How to Select the Best Option for Your Business
One thing to keep in mind is that this is not strictly an either-or proposition. For example, if your company already makes use of a data lake, you can add a data mesh to integrate decentralized, domain-specific data pipelines into the mix.
However, for those businesses who are just starting to dip their toes into this forum, consider this: data mesh is best suited for businesses with minimal (or no) infrastructure and that don’t have the time to bother with setting it up. Because of the way data mesh works, a business doesn’t have to rely on its own infrastructure, so it can spend more time and budget on developing the applications and services that will make use of the data.
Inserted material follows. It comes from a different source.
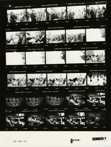 | Keywords: Ford B2046 NLGRF photo contact sheet (1976-10-30)(Gerald Ford Library).jpg White House Photographic Office WHPO is housed at the Gerald R Ford Presidential Library a branch of the National Archives and Records Administration NARA <br/><br/> This file is a 200 dpi photo contact sheet having images from roll of film B2046 of the August 9 1974 - January 20 1977 Gerald R Ford White House Photographic Office Series A0001-A9999 and B0001-B2886 photographs <br/><br/> The date on the photo contact sheet is the date the roll of film was processed not necessarily the date the photographs were taken See table below for additional details 1976-10-30 Gerald R Ford Presidential Library Image http //www fordlibrarymuseum gov/library/whphotos/B2046_NLGRF jpg B2046_NLGRF jpg from http //www fordlibrarymuseum gov/library/whphotos/19761030whpo pdf White House Photographs October 30 1976 of the http //www fordlibrarymuseum gov/Library/whphotos/whpo asp White House Photographic Collection page White House Photographic Office WHPO <br/> Creator David Hume Kennerly PD-USGov Institution Institution Gerald R Ford Presidential Library Table wikitable sortable + Photo contact sheet B2046 U S President Ford Administration Gerald R Ford Library Frame s Tone Subject proper Subject generic Names Geographic Location Photographer Date - 1-7 BW Campaign Trip to Texas - Prior to Rally Outside Houston Music Theater greeting handshaking; some people hilding umbrellas GRF Crowd Chewerleaders Others Houston TX Houston Music Theater - Outside Kennerly 1976-10-30 - 8-9 BW Campaign Trip to Texas - Rally Outside Houston Music Theater GRF at lectern waving; crowd on left; platform guests on right stsnding applauding GRF Platform Guests Crowd Houston TX Houston Music Theater - Outside Kennerly 1976-10-30 - 12-14 BW Campaign Trip to Texas - Rally Outside Houston Music Theater GRF on lectern waving both hands in air in last 2 frames; taken from lower vantage point GRF John Connally Platform Guests Houston TX Houston Music Theater - Outside Kennerly 1976-10-30 - 15-19 BW Campaign Trip to Texas - Prior to Television Interview on KTRK seated talking; various angles and distances GRF J Connally J Garagiola Edith Green Others Houston TX KTRK-TV -Green Room Kennerly 1976-10-30 - 20-23 BW Campaign Trip to Texas - Television Interview on KTRK seated in semi-circle under lights; long shots from higher vantage point GRF J Connally J Garagiola Edith Green Interview Houston TX KTRK-TV -Studio Kennerly 1976-10-30 - 24-29 BW Campaign Trip to Texas - Television Interview on KTRK looking at monitors; backs to camera Technicians Houston TX Control Room - KTRK-TV Kennerly 1976-10-30 - 30 BW Campaign Trip to Texas - Following Television Interview on KTRK greeting handshaking; all may not be in frame GRF Technicians Houston TX Control Room - KTRK-TV Kennerly 1976-10-30 Gerald R Ford Presidential Library and Museum-cooperation PD-USGov Contact sheets by the Ford White House October 1976 Photographs by David Hume Kennerly from 1976 |

On the other hand, a data lake is the better option for big data, where massive troves of data must be stored, prepared, and analyzed over a period of time.
Data Mesh or Data Lake?
To sum it all up, consider these points:
- Massive troves of raw, unstructured data that must be stored and processed at a later time are best served by a data lake. If your company needs to archive huge amounts of raw data, the data lake is the best option.
- If cost is an issue, a data lake is the obvious option.
- If you need real-time data analysis, insights, and reporting, a data mesh is the ideal route.
- If your business model requires speedy gathering of data from disconnected systems for immediate processing and analysis, a data mesh is the best choice.
- If data at scale is your key priority, either a data lake or data mesh will do just fine.
As far as the disadvantages of each, consider these points:
- A data lake is exponentially slower at delivering insights from raw data.
- Only the data mesh is truly scalable (especially for real-time analytics on data).
- Data mesh is not available via cloud service providers and, instead, operates on your on-premises servers or a third-party host.
To easily sum up the differences, a data lake is the best option for storing huge amounts of data in a centralized location, whereas a data mesh is best suited for immediate data retrieval, domain-driven data pipelines, and more widespread integration.